[What is required] Only the lines from the beginning of the data through the line holding "Cute Kawaii Chibi" belong in the answer, printed exactly and without pictures.

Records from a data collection

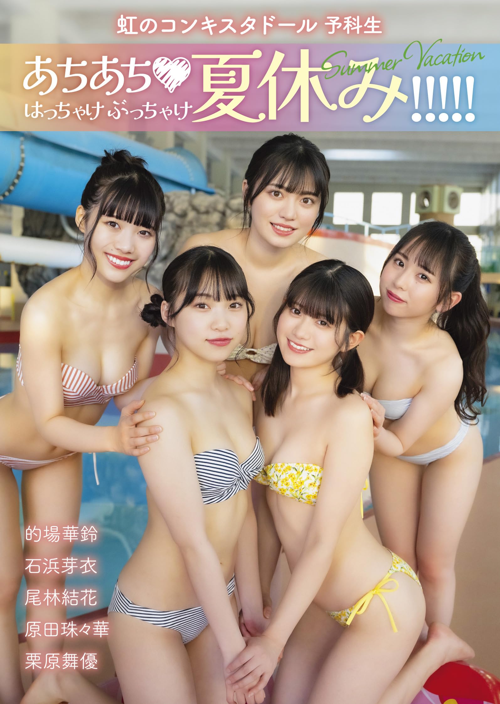 正統派アイドルグループ「虹のコンキスタドール」の予科生選抜5人が、2023年7月21日、水着写真集「あちあち♡はっちゃけぶっちゃけ夏休み!!!!!!」を発売しました。
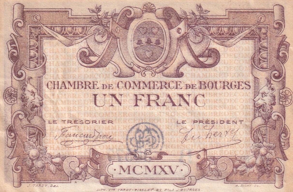 Sur le recto, on peut lire les inscriptions "CHAMBRE DE COMMERCE DE BOURGES" et "UN FRANC", accompagnées des mentions "LE TRÉSORIER" et "LE PRÉSIDENT". L'année d'émission, "M CM XV" (1915), est également indiquée. Le nom du dessinateur, J. Tardy, est présent avec la mention "J. TARDY DEL.", ainsi que l'information sur l'imprimeur "LITH. Vve TARDY - PIGELET ET FILS - BOURGES". Le nom du graveur, H. Richy, est mentionné avec "H. RICHY Sc.".
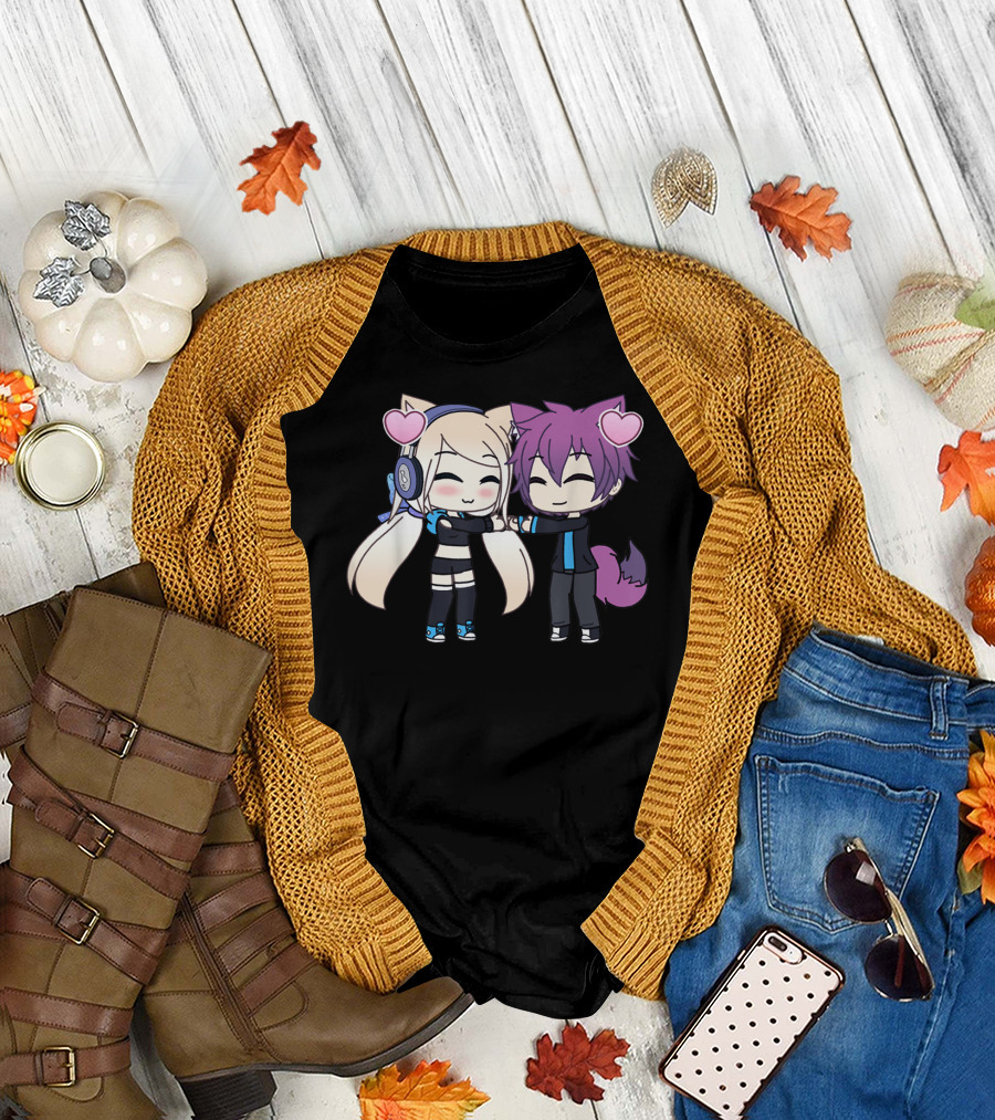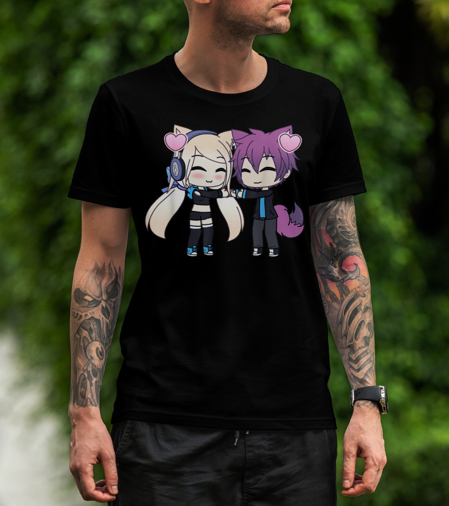 Cute Kawaii Chibi Anime Girl And Boy With Hearts And Cat Ears T-Shirt
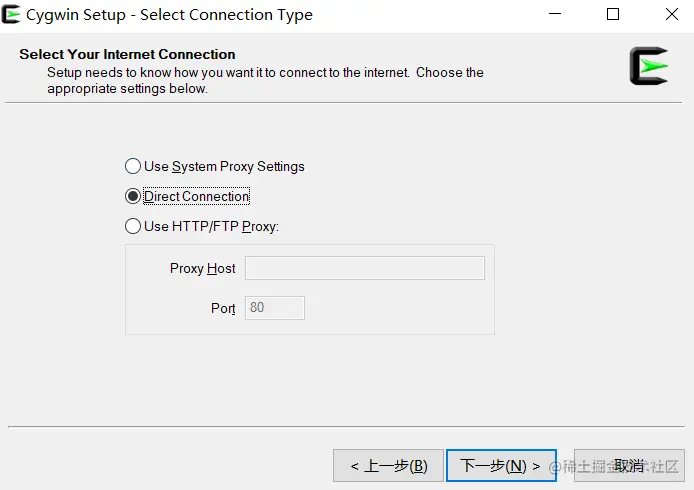 网络连接配置这里选择第二项,也就是直接连接,不需要任何代理方式:
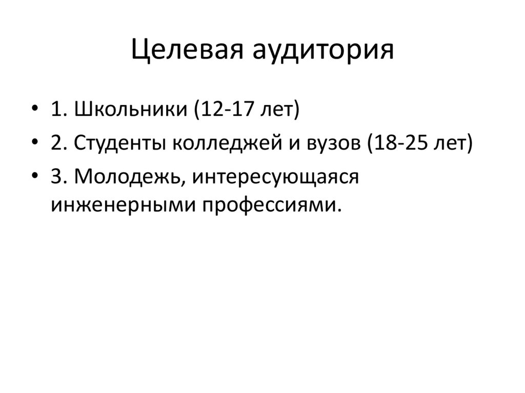 Целевая аудитория• 1. Школьники (12-17 лет)
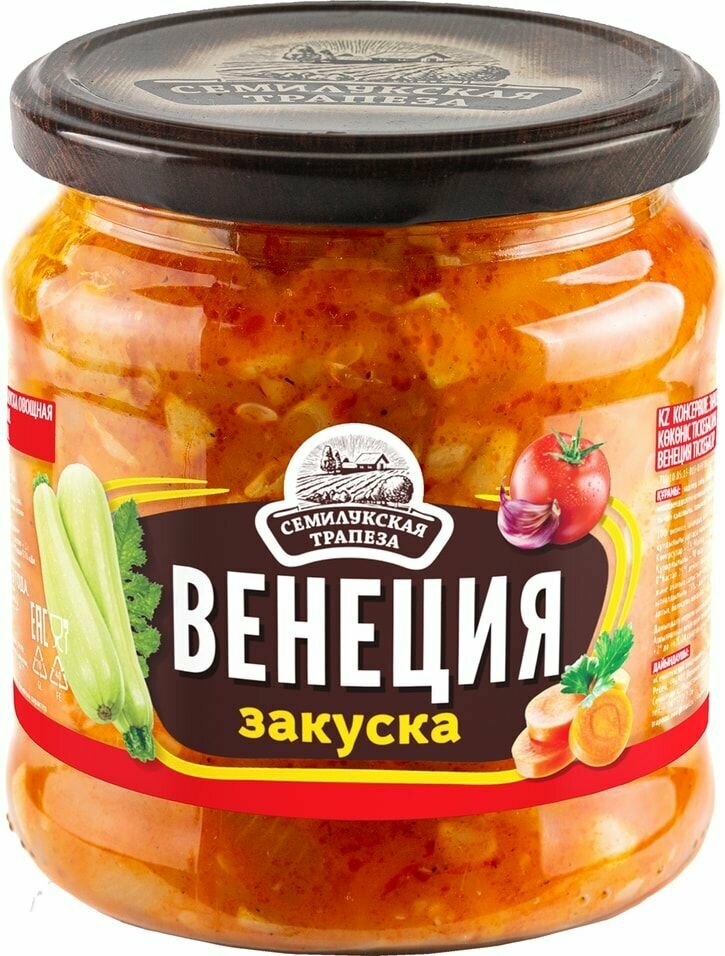 Сервис сравнения цен СкидкаГИД предлагает сравнить цены на товар «ЗакускаСемилукская Трапеза Овощная Венеция 460г»
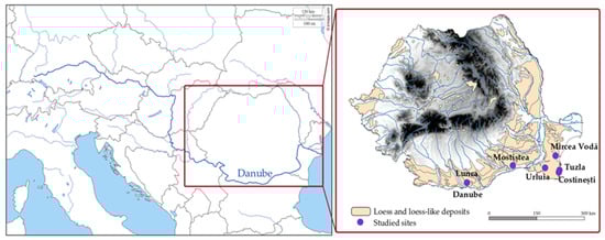 Showing the location of the loess and loess-like deposits in Romania alongside the previously investigated sites—Mircea Vodă, Tuzla, Costinești, Urluia, Mostiștea and Lunca.
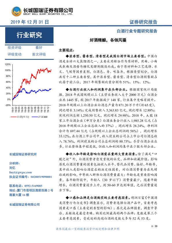 【长城国瑞证券】【20191231】20191231-长城国瑞证券-白酒行业专题研究报告:好酒精酿,各领风骚-35页
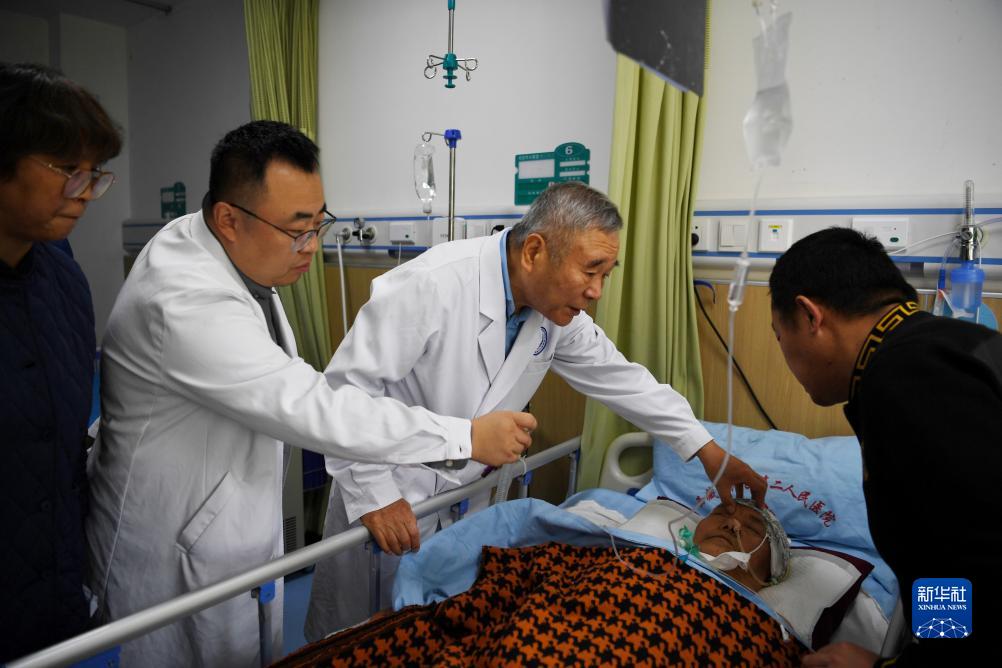 8月10日,中國科學院院士、首都醫(yī)科大學附屬北京天壇醫(yī)院神經外科學中心主任醫(yī)師趙繼宗(后右一)在西藏自治區(qū)第二人民醫(yī)院為患者會診。新華社記者 張汝鋒 攝
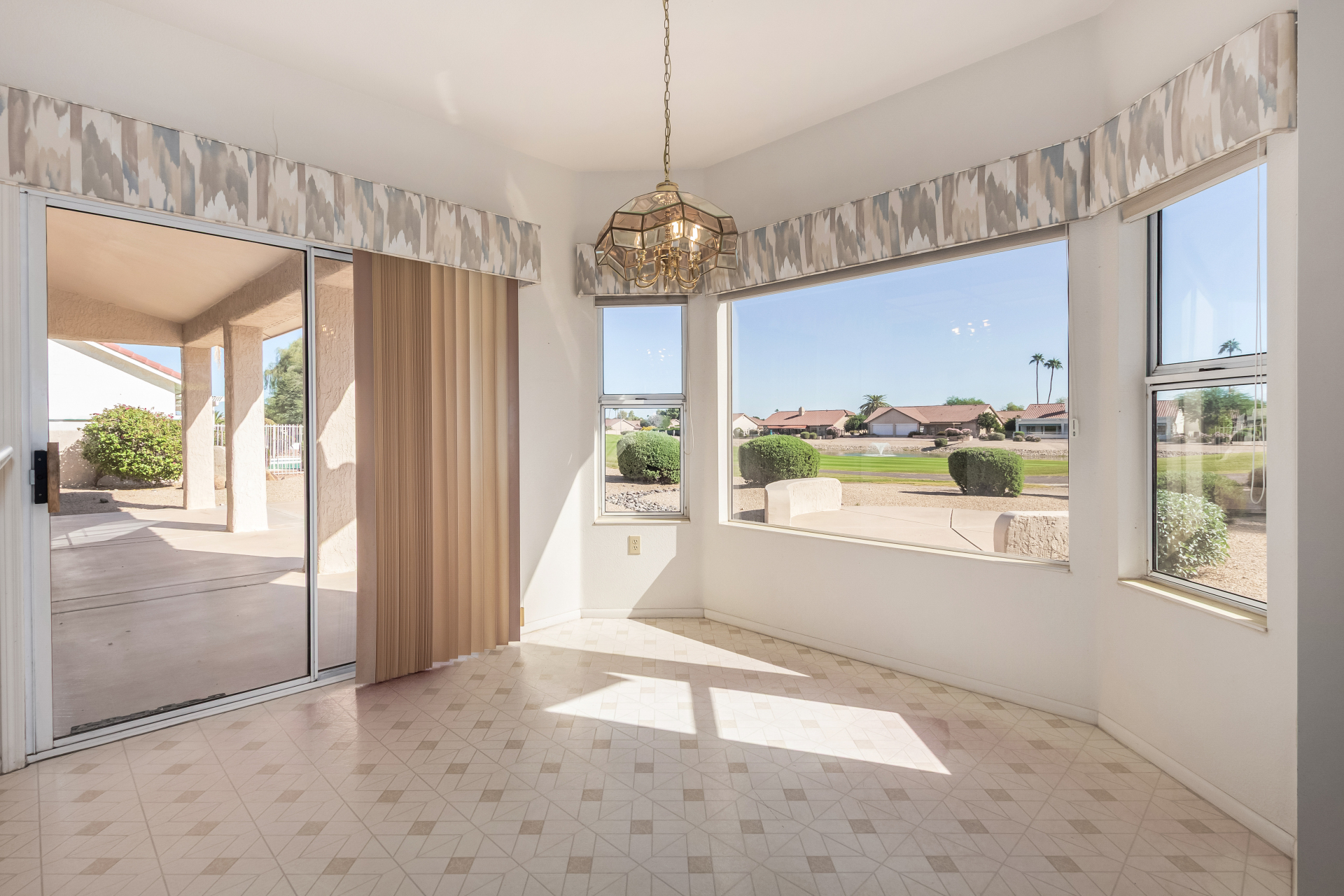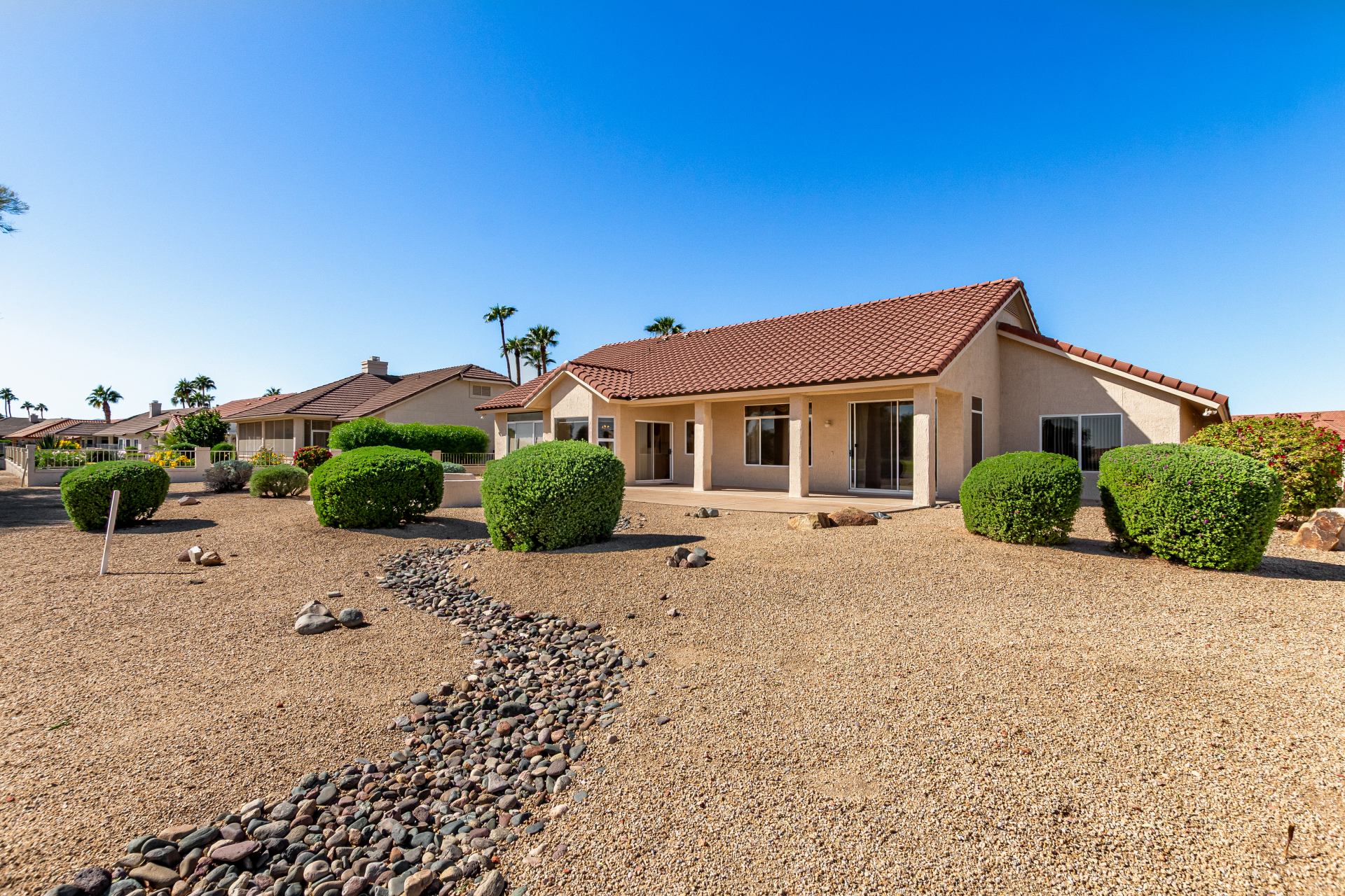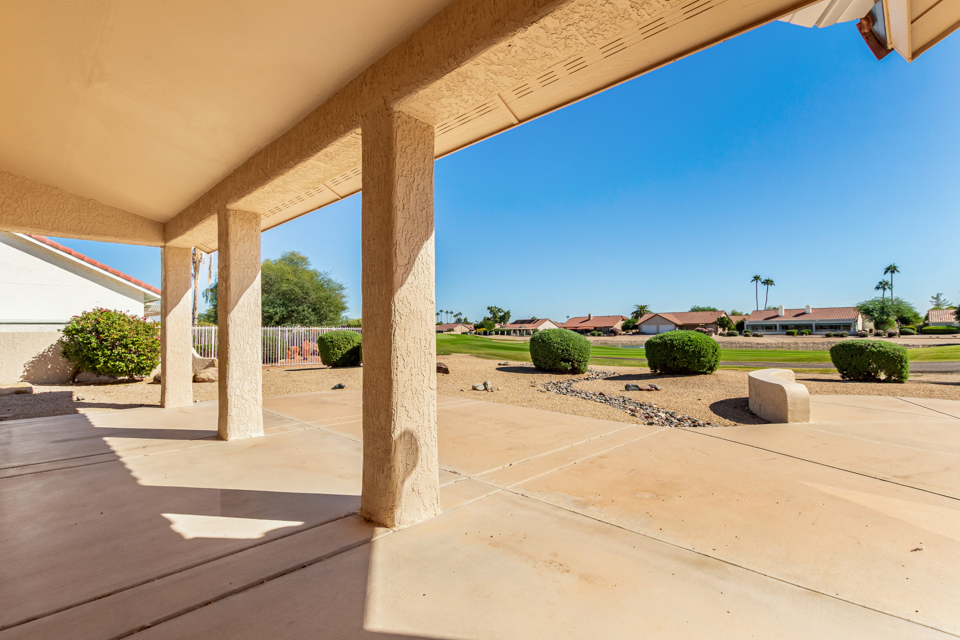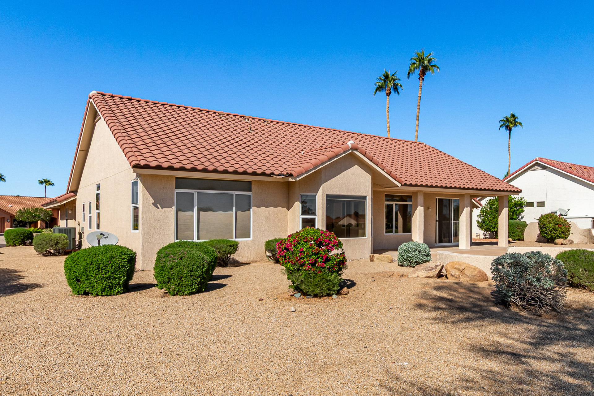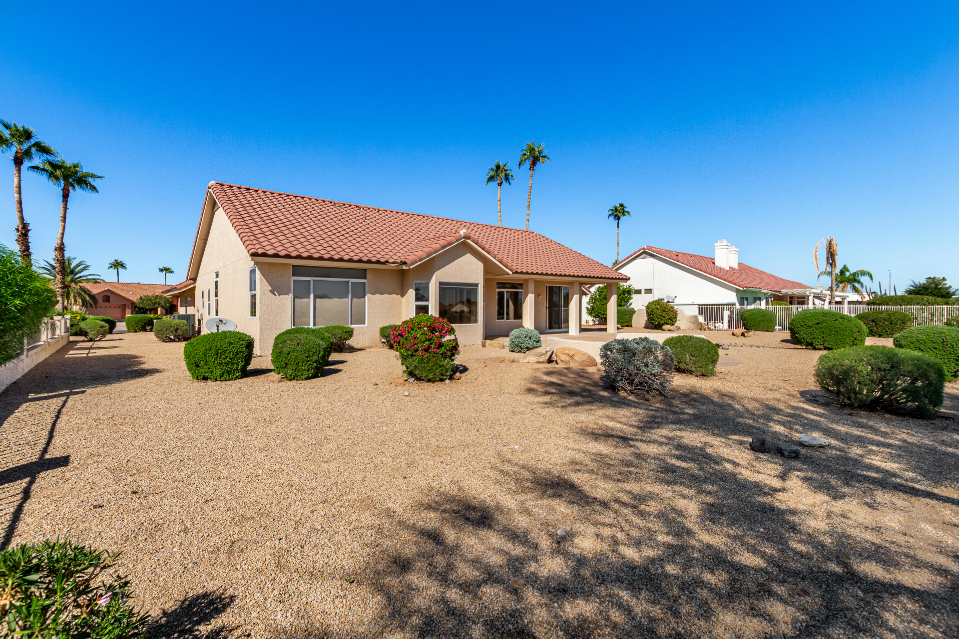 Golf course home in Sun City West with breathtaking lake views! This Montecito model charms with fantastic views of the course, fountain, and lake from nearly every room. Enjoy great curb appeal, low-maintenance landscaping, a 2-car garage, golf cart garage, and gated entryway. Inside, a spacious living/dining area flows effortlessly to the back patio, while the bright family room offers a semi-open layout filled with natural light. The kitchen boasts abundant cabinetry, ample counters, and built-in appliances. The main suite features a dual vanity, jetted tub, and walk-in closet. The laundry room with utility sink adds convenience. Relax on the patio and enjoy tranquil sunsets over the lush fairways!

[Solved problem]
 正統派アイドルグループ「虹のコンキスタドール」の予科生選抜5人が、2023年7月21日、水着写真集「あちあち♡はっちゃけぶっちゃけ夏休み!!!!!!」を発売しました。
 Sur le recto, on peut lire les inscriptions "CHAMBRE DE COMMERCE DE BOURGES" et "UN FRANC", accompagnées des mentions "LE TRÉSORIER" et "LE PRÉSIDENT". L'année d'émission, "M CM XV" (1915), est également indiquée. Le nom du dessinateur, J. Tardy, est présent avec la mention "J. TARDY DEL.", ainsi que l'information sur l'imprimeur "LITH. Vve TARDY - PIGELET ET FILS - BOURGES". Le nom du graveur, H. Richy, est mentionné avec "H. RICHY Sc.".
 Cute Kawaii Chibi Anime Girl And Boy With Hearts And Cat Ears T-Shirt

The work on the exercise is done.